# COVID-19 BAR CHART RACE OF INDIAN STATES
In this notebook, we're creating a bar chart race of Indian states showing the increasing cases on a day-to-day basis which at the end will tell us what are those states where there is a large number of corona confirmed cases, in other words, what are those states where there is high infection/spread of corona virus.

In [None]:
# This Python 3 environment comes with many helpful analytics libraries installed
# It is defined by the kaggle/python Docker image: https://github.com/kaggle/docker-python
# For example, here's several helpful packages to load

import numpy as np # linear algebra
import pandas as pd # data processing, CSV file I/O (e.g. pd.read_csv)

# Input data files are available in the read-only "../input/" directory
# For example, running this (by clicking run or pressing Shift+Enter) will list all files under the input directory

import os
for dirname, _, filenames in os.walk('/kaggle/input'):
    for filename in filenames:
        print(os.path.join(dirname, filename))

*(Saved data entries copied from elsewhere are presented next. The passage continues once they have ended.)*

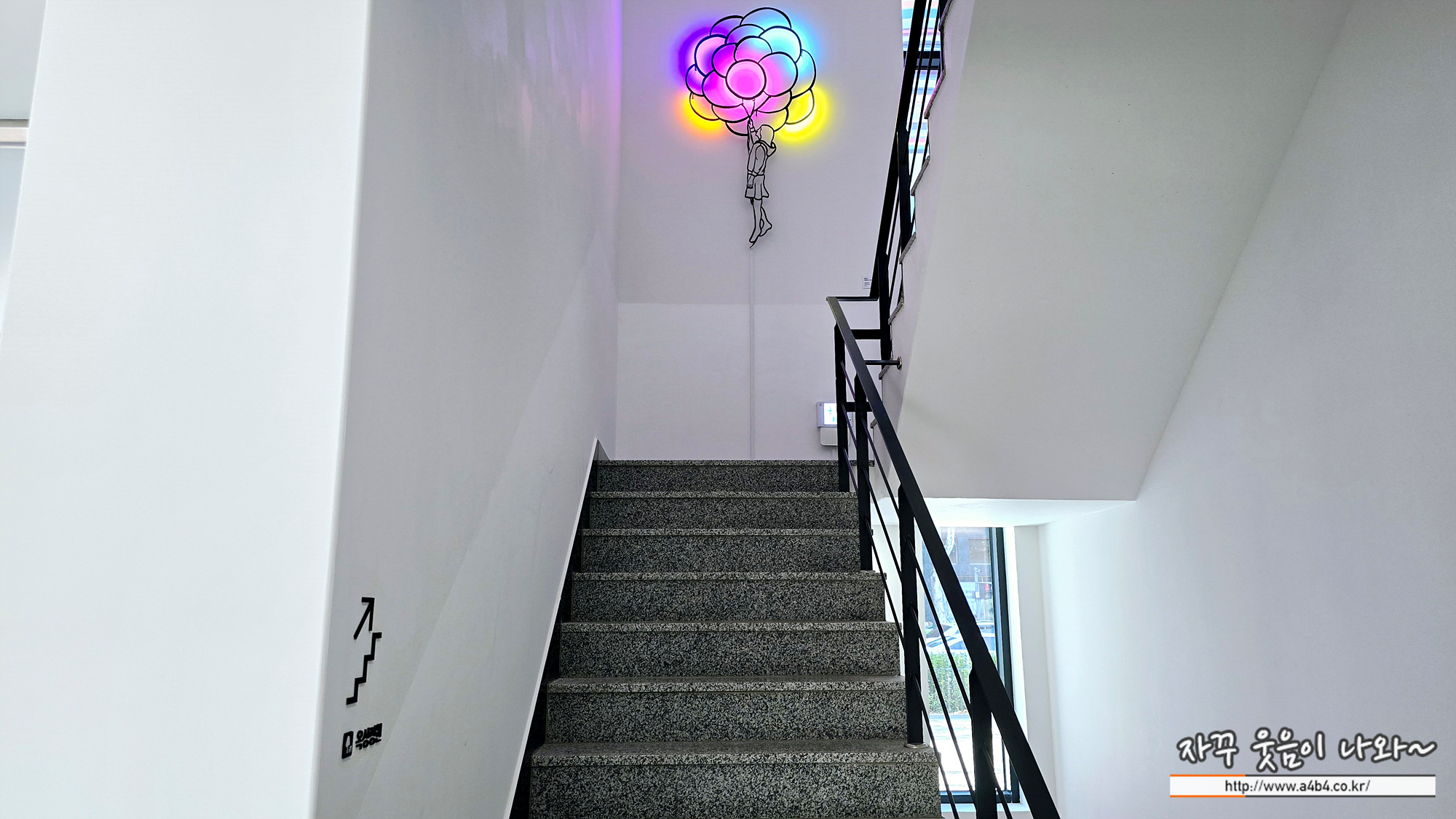 잠실 더 갤러리 호수 각 층을 계단을 통해 올라가다 보면 황혜선 작가의 LED 작품들을 만나볼 수 있습니다. 작가에 작품은 옥상정원에도 설치되어 있는데요. 작가 소개는 뒤에서 설명합니다.
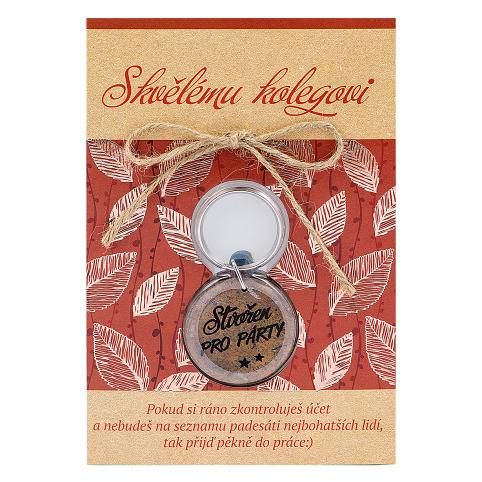 Skvělému kolegovi - blahopřání s věnováním a s klíčenkou, která má oboustranní potisk. Součástí balení je kraftová obálka. Text uvnitř přáníčka: Těšíme se na Tebe!
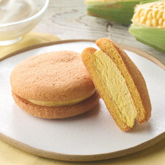 宮城県産の卵と牛乳を使用し、ふんわり柔らな生地を造りました。 北海道産生クリームとてんさい糖がベースのクリームに北海道産のとうきびペーストを混ぜ込み、とうきびを思わせる黄金色のクリームに仕上げました。
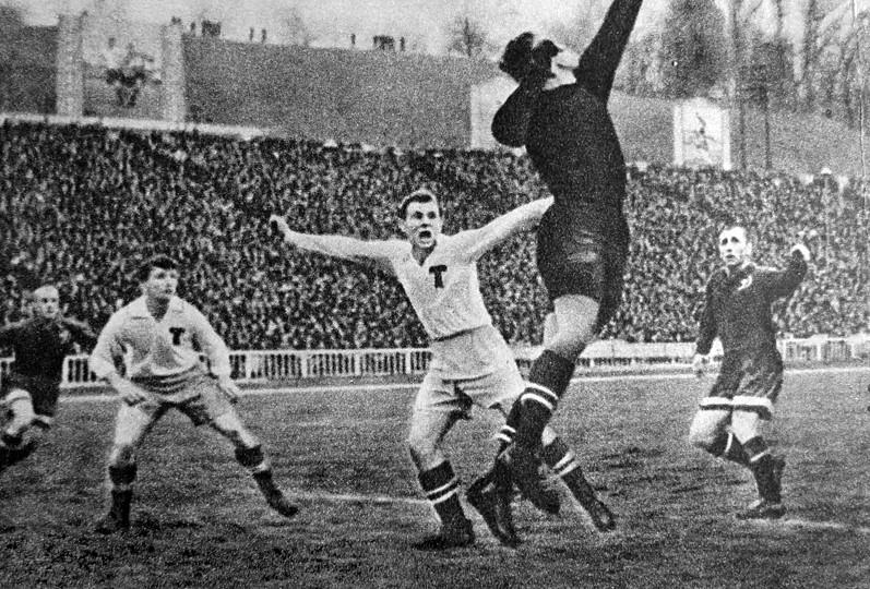 В самом начале второго тайма арбитр фиксирует игру рукой у наших ворот. Одиннадцатиметровый. Наш пока ещё не звёздный Яшин угадывает направление удара Боброва и отбивает мяч вверх к "точке". Сева с лёта коряво посылает круглого в другой угол. Наш голкипер, словно презрев законы гравитации, пружинит к другой штанге и в воздухе переводит мяч на угловой. Такие цирковые трюки в исполнении Льва Яшина ещё лет двадцать будут приводить соперников и трибуны в неистовство...
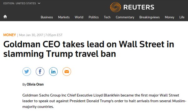 Reutersin uutinen on otsikoitu: ”Goldmanin toimitusjohtaja johtaa Wall Streetia taistelusssa Trumpin matkustuslakia vastaan [3]”. Goldmanin toimitusjohtaja on juutalainen Lloyd Blankfein, joka tuki vaalien aikana näkyvästi Hillary Clintonia. Vaalien jälkeen Goldman hyppäsi nopeasti voittajan puolelle [4] ja on pyrkinyt korruptoimaan Trumpin hallituksen. Mutta onko korruption hammas ollut Goldmanin näkökulmasta tarpeeksi terävä?

# You can write up to 5GB to the current directory (/kaggle/working/) that gets preserved as output when you create a version using "Save & Run All" 
# You can also write temporary files to /kaggle/temp/, but they won't be saved outside of the current session

# Installing & importing required libraries

In [None]:
!pip install bar_chart_race

import bar_chart_race as bcr

# Loading required data into dataframe

In [None]:
India_df = pd.read_csv("/kaggle/input/covid19-in-india/covid_19_india.csv")
India_df.head()

# Finding if there is any null value in any column

In [None]:
India_df.info()

# Data Cleaning by removing duplicate rows, unwanted rows, changing states names etc.
In this dataset, we've rows where the data is duplicate so, we are deleting those rows.
Also, while converting dates into datetime format, it is by default taking the first dates(first two digits) as a month so, here we're using 'dayfirst=True' which then considers the first 2 digits of the dates as day & not the month. 

In [None]:
India_df.Date = pd.to_datetime(India_df['Date'], dayfirst=True)
India_df.drop(India_df.index[5091:5126], axis=0, inplace=True)
India_df

If we look at the State/Union Territory names then we've multiple names for the same state. Some having different spellings or combining two states into one. For ex- 'Telangana' as 'Telengana' or "Telengana***" or "Telangana***"; 'Dadra and Nagar Haveli and Daman and Diu' as separately 'Dadar Nagar Haveli' & 'Daman & Diu'. So, we're considering these names as single one.

In [None]:
India_df['State/UnionTerritory'].unique()

In [None]:
India_df['State/UnionTerritory'].replace({"Telengana" : "Telangana", "Telengana***" : "Telangana",
                                          "Telangana***" : "Telangana"}, inplace = True)

India_df['State/UnionTerritory'].replace({"Daman & Diu" : "Dadra and Nagar Haveli and Daman and Diu",
                                          "Dadar Nagar Haveli" : "Dadra and Nagar Haveli and Daman and Diu"},
                                         inplace = True)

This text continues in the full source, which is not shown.